Deambulo hace años por la misma ciudad. Como el feriante que desmonta la pista de los coches de choque, abro una botella de vino y me pongo a recordar que en las casas que viví mudé de piel y sus paredes me vieron mutar como el insecto de Kafka. Crecí en un piso familiar con calefacción central. Allí aprendí a estirar el cable del teléfono de góndola del pasillo para que nadie me oyese hablar con la novia. Y también a escuchar a mis padres susurrarse a oscuras las aventuras del día, mientras los hermanos nos quedábamos dormidos con la luz roja del cigarro del jefe de la casa.

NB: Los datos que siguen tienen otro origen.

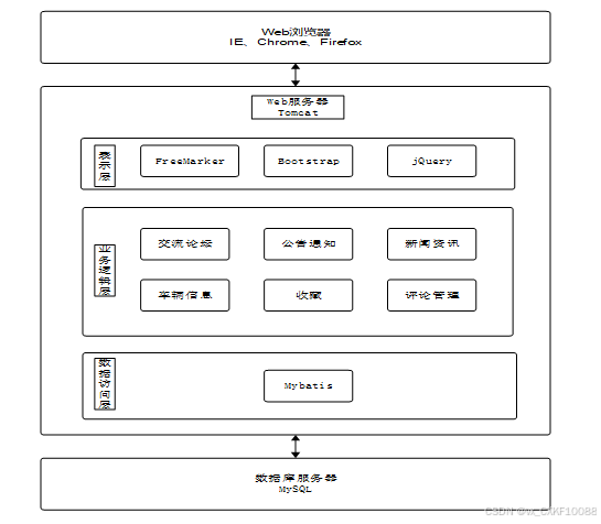 系统由表现层、业务逻辑层、数据访问层和数据库服务器组成。表现层通过浏览器(如IE、Chrome、Firefox)与用户交互,采用FreeMarker、Bootstrap、jQuery等技术实现界面呈现。业务逻辑层负责处理系统的核心业务逻辑,通过分模块设计实现功能分离。数据访问层使用MyBatis框架连接数据库,执行数据的增删改查操作。数据库服务器采用MySQL进行数据存储和管理,为系统提供稳定的数据库支持。整个架构通过Tomcat服务器完成用户请求的接收和处理,确保系统的高效运行[9]。整个系统架构如图4-1所示。

Volé de allí, a un par de esquinas, a la casa en la que mi abuelo le dio permiso a mi padre para llevar a mi madre al altar. Y allí me pilló la muerte de Camarón, enfrascado en escribir su biografía, semanas después de que el diario para el que trabajaba cerrase.

A los dos años me mudé a un barrio que no quería vecinos. La casa era tan grande que había habitaciones en las que nadie entraba. Como allí no estaba a gusto, mi gata, blanca como una perla, se lanzó al vacío desde un séptimo con la excusa de arañar a una golondrina. Perdió una de sus siete vidas y apareció vestida de color gris marengo veinte calles más allá. Para colmo, mi abuela vino a vernos viva y a los pocos días salió sin hálito en una bolsa de cremallera.

Volví al barrio. Y me sentí bien. Encontré un piso pintado de rojo en un edificio abandonado por su dueño y que conseguí alquilar usando las peores artes (legales) imaginables. Cada noche dormía seis pisos por encima de un cine al que había dedicado decenas de sesiones continuas sobre sus butacas de contrachapado. Viví bajo el letrero de neón estropeado del cine que hoy ocupa un supermercado. Cada vez que me olvido de la tinta para el arroz negro vuelvo allí e imagino que resuenan en la pared del fondo las voces de los actores. En esa casa fui muy feliz, y siempre que paso por allí pienso si el nuevo habitante imaginará que cuando yo vivía allí existía Netscape y Silkete dejaba mensajes en el contestador.

He vivido en casas en las que me acogieron. Me hicieron un hueco bajo el edredón y yo, a cambio, preparaba el desayuno, que es una de las mejores maneras de decirle a alguien “te quiero”. He vivido en dos casas bajas. Una roja en cuyo jardín planté un magnolio para celebrar que mi hija vino al mundo. El árbol sigue allí, pero ahora lo riega otra gente. La otra sigue pintada de azul, arropada por el trino de los mirlos y una orquesta de macetas. Allí podía tocar la batería sin protestas y es el hogar de dos chavales que aún me llaman papá en vez de padre.

Desarrollé mi visión espacial para evitar chichones en un par de buhardillas. La primera, un bajo-rasante-patera en la que se podía dormir pero no vivir. La segunda, en un edificio de africanos en mi amado Rastro. Aún conservo dentro de mí el olor de la cocina subsahariana. Abajo, los domingos los yonquis compartían historias con los vendedores de pájaros, pero en lo alto tocamos el cielo muchos días. También viví en un garaje y me fui de allí porque no podía hacer la fotosíntesis y me estaba poniendo mustio. Ahora vivo de nuevo en lo alto, cerca de las antenas de telefonía que nos controlan, en un lugar donde se adivinan las puestas de sol y los aloes le rascan la barriga a las nubes. Y estoy feliz como la casa sin tejado del Happy de Pharrell Williams. Vente, anda, que te preparo una paella.